Нарком Бакинской коммуны? Ещё какое указание партии?
- ... Надеюсь, - низвел-таки до роли просителя, - что Политбюро не откажет в моей просьбе.- Уехать отсюда и написать обо всем, что видел, слышал и делал... Как можно спокойнее, что хоть в малой мере чем-то недоволен - уже было, не любит Коба, когда просятся в отставку: Демонстративный уход? Мелкая обида на родную партию или осознание долга перед отечеством? Глухая оппозиция или состояние здоровья?
Чтоб за строками не угадывались прежние столкновения! Ну и болезнь тоже, недавно был сердечный приступ. Представляя при сем медицинское свидетельство, я прошу Политбюро разрешить мне жить в Баку, климат которого вполне подходит не только для моего здоровья, но и для здоровья семьи. Если же этому мешает занимаемая мною должность члена Президиума Ц.И.К. С.С.С.Р. (со всеми точками), то прошу освободить меня от этой должности. Еще в прошлом году врачи высказывали мнение, что климат Москвы,- а ведь непременно перебьет, усмотрев в этом некие намеки и скрытый смысл,- вовсе не подходит для моего здоровья, тем более что здоровье моего ребенка, который часто болеет воспалением бронхиальных желез... И далее: Разрешить мне заниматься литературной работой, что даст возможность поддержать существование семьи.

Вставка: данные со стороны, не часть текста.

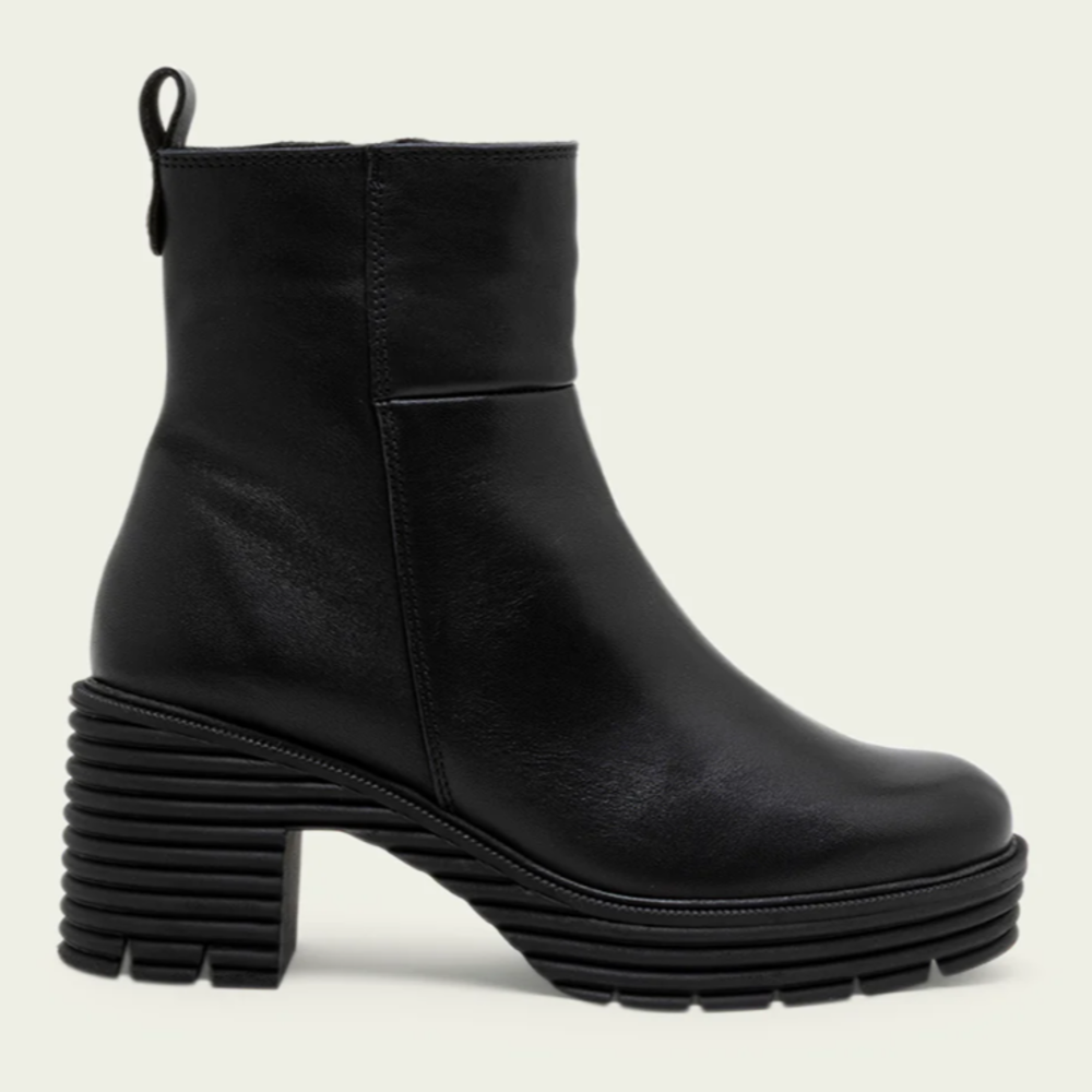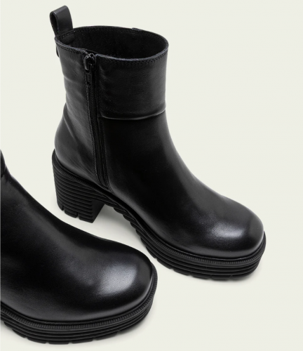 Botines de piel con piso track con tacón de 6,5 cm y plataforma de 2,5 cm. Cremallera lateral interior para facilitar el calce. Plantilla y forro de microfibra con acabado confort aterciopelado. Elaborado 100% en España.
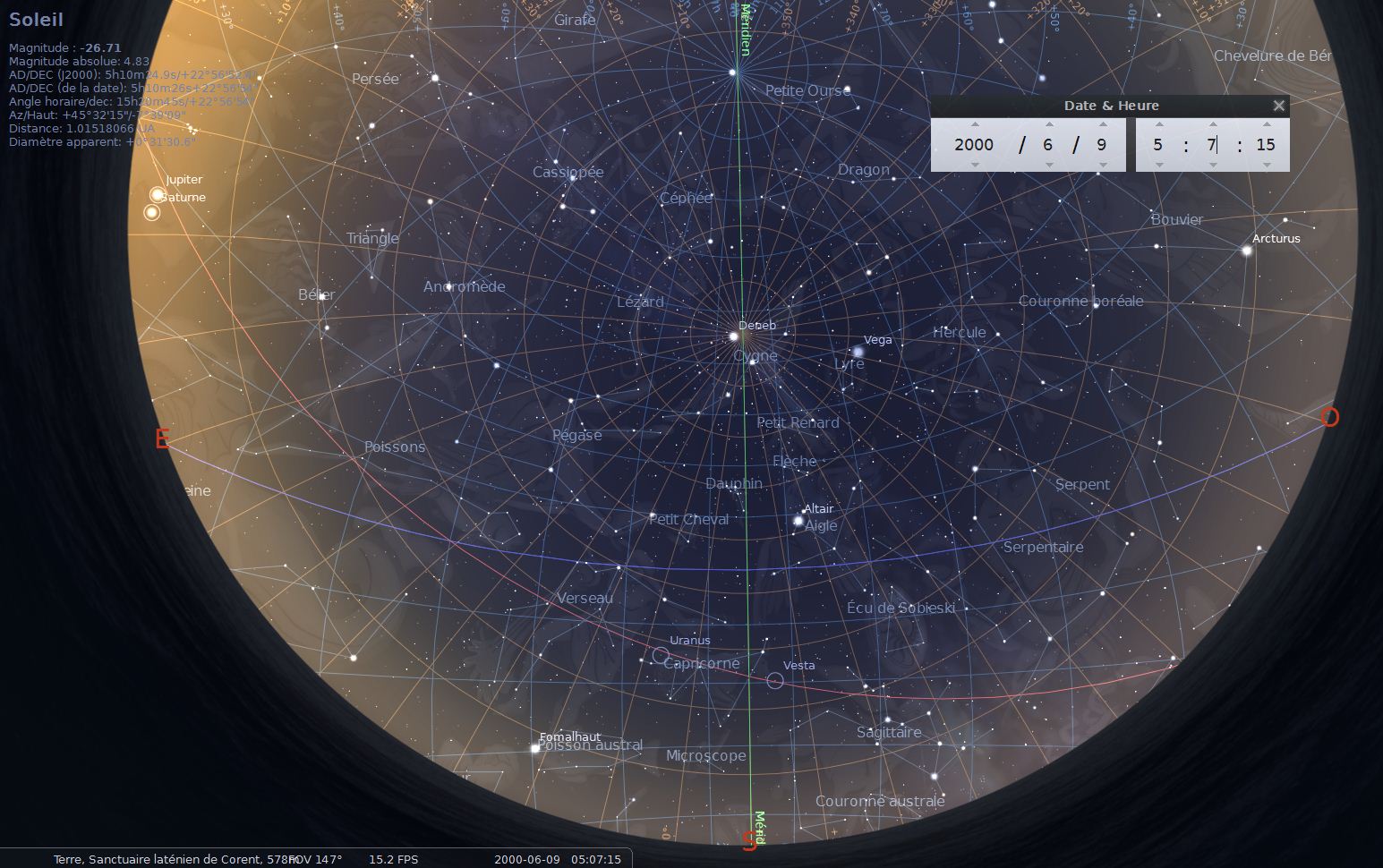 Re: Le sanctuaire Arverne de Corent et l’Astronomie ?Voici une autre simulation du ciel grâce au logiciel "Carte du Ciel / SkyChart", pour l’occurrence du 30/10/-150 . L'auteur du logiciel (Patrick Chevalley) a gentiment amélioré la précision des calculs pour l'antiquité suite à plusieurs échanges avec moi cette dernière semaine (modèle de précession valable sur 200.000 ans selon une méthode publiée en août dernier par le SYRTE-Observatoire de Paris, meilleure approximation de la quantité DeltaT=TT-UT1 irrégularités de rotation de la Terre).

- Что за литературная работа, которой невозможно заниматься, служа партии? Все мы так или иначе сочинительством занимаемся, кого ни возьмёте, все пишут. Даже трагедии! - А что если в Политбюро спросят: представьте-ка конспект вашей литературной работы, чтобы обсудили. Старые распри в литературной форме? Диалоги?!
И, выведя из себя Наримана, нарушив в нем равновесие протестующего и просящего начал, заглянуть в его душу, - нет, только нейтрально: Я надеюсь... Литераторство тоже: декреты и указы подписывать, когда Нариман дежурит как председатель ЦИК, запятую где подправить, об издании, к примеру, Большой советской энциклопедии, БСЭ, увлечены аббревиатурами, Декрет об основах авторского права, переименовании, тоже из новых страстей (впрочем, было и при царях), Румянцевской библиотеки в Ленинскую; создать Фонд имени В. И. Ульянова-Ленина, приложено личное мнение Наримана: ни рубля на иные нужды, кроме помощи беспризорным, столько их на железнодорожных станциях и пристанях! Торжественное открытие дагестанской выставки (Нариманов председатель); с Крымским Совнаркомом возродить татарскую культуру в Крыму (Нариман поддержал); организовать Музей восточной культуры; экспедиции на юг - в Туркестан, на Кавказ; что по почину Научной ассоциации востоковедения в Мраморном зале Второго Дома Союзов отмечен его юбилей, то же - в Институте востоковедения, бывшем Лазаревском, Доме армянской культуры, - диспуты: откроются ли в Москве дома культуры других народов?